Такой курс развития Destiny фрустрировал Гризмера, и он начал ссориться с коллегами. Как-то раз он разослал письмо, где перечислял глубинные проблемы с дизайном, подмеченные им в Destiny. Как переносить игру на консоли нового поколения, вопрошал он, не пожертвовав крутыми фичами сугубо ради нового железа? Как сделать контент, который не приестся, даже когда люди будут проходить игру многократно? Но самое главное – как поженить требующий точной стрельбы шутер, где успех напрямую зависит от навыков игрока, с традиционным для ММО «принципом беговой дорожки»[69], привязывающим силу персонажа в основном к его уровню и снаряжению?
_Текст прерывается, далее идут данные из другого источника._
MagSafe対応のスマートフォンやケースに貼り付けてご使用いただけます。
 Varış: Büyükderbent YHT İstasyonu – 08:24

И однажды совет директоров Bungie попросил Гризмера написать заявление. «Для меня это – знак почета, – говорит он. – Ведь я принял сознательное решение. Мне не нравилось, как развивалась игра, и я сопротивлялся. Им оставалось либо согласиться с моей позицией, либо избавиться от меня».
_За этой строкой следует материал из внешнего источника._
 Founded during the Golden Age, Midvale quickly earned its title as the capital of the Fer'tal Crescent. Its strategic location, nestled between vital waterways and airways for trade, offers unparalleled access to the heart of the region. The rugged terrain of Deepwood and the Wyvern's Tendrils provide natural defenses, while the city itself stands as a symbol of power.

Он не был единственным. В последовавшие годы из студии ушли многие старые сотрудники, включая Вика Делеона, старшего художника по локациям; Адриана Переса, инженера; Маркуса Лейто, креативного директора Halo: Reach; и Пола Бертони, дизайн-директора. Позже в этот список попадет и президент Bungie Гарольд Райан.

«Bungie прошли путь от мелких задир до королей мира, а потом стали динозаврами, – говорит Гризмер. – И они собрали худшие черты всех этих стадий: инфантильность задир, высокомерие царей горы… и упрямую неспособность к переменам, присущую динозаврам».
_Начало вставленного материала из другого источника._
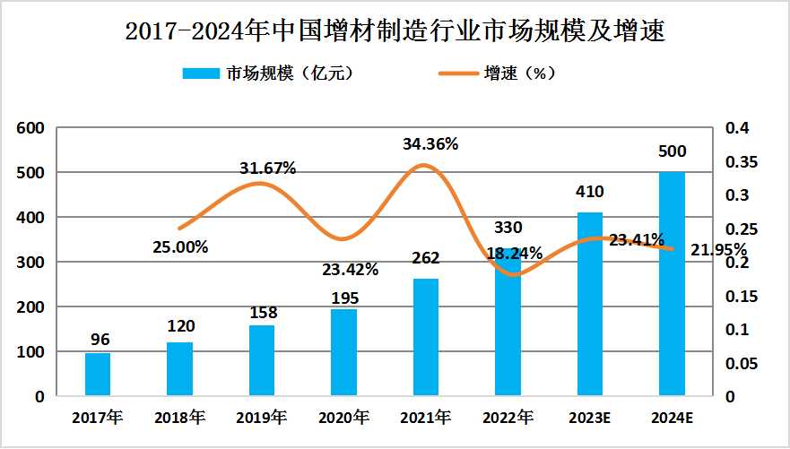 图表:2017-2024年中国增材制造行业市场规模及增速

Лишь пару лет назад Bungie обрела независимость – и вот столкнулась с серьезными проблемами роста. Как подумал тогда Шейн Ким на памятном шумном собрании: бойся своих желаний.

В феврале 2013 года Bungie пригласили журналистов в свой офис в Бельвью, штат Вашингтон, где студия обитала с тех пор, как в 2009-м покинула Киркленд. Состоялась официальная презентация Destiny. За пару месяцев до этого какая-то информация уже успела просочиться в сеть, но это был ключевой момент – мероприятие, где Bungie наконец-то расскажут, что же такое Destiny. Стоя на огромной сцене, ведущие специалисты Bungie сыпали чрезмерными, амбициозными обещаниями. Они описывали Destiny как «первый в мире шутер с общим миром» – игру, где ваш герой сможет легко встречаться с друзьями и незнакомцами что в болотах Чикаго, что на кольцах Сатурна. Джеймс Джонс с коллегами отговаривали журналистов называть эту игру ММО, потому что все было чуть иначе. Destiny была полу-Halo, полу-World of Warcraft. Но оставалось неясным, что именно скрепляет эти две половины.

Суть была такова: действие игры развернется в футуристической версии реальной вселенной, где люди процветали на множестве планет, пока их не поразила неожиданная катастрофа. Немногочисленные выжившие скрылись в так называемом Последнем Городе – безопасной зоне, защищенной таинственной сферой под названием «Странник». Игроку предстоит взять на себя роль одного из могучих защитников галактики, Стражей, путешествовать по Солнечной системе, сражаться с инопланетянами и искать добычу на Земле, Венере и так далее. Сюжет, как объяснил давний сценарист Bungie Джо Стейтен, будет подаваться через серию эпизодов. «Но на самом деле лучшие истории расскажем не мы, – сообщил прессе Джейсон Джонс. – Лучшие истории расскажут игроки – истории своих судеб».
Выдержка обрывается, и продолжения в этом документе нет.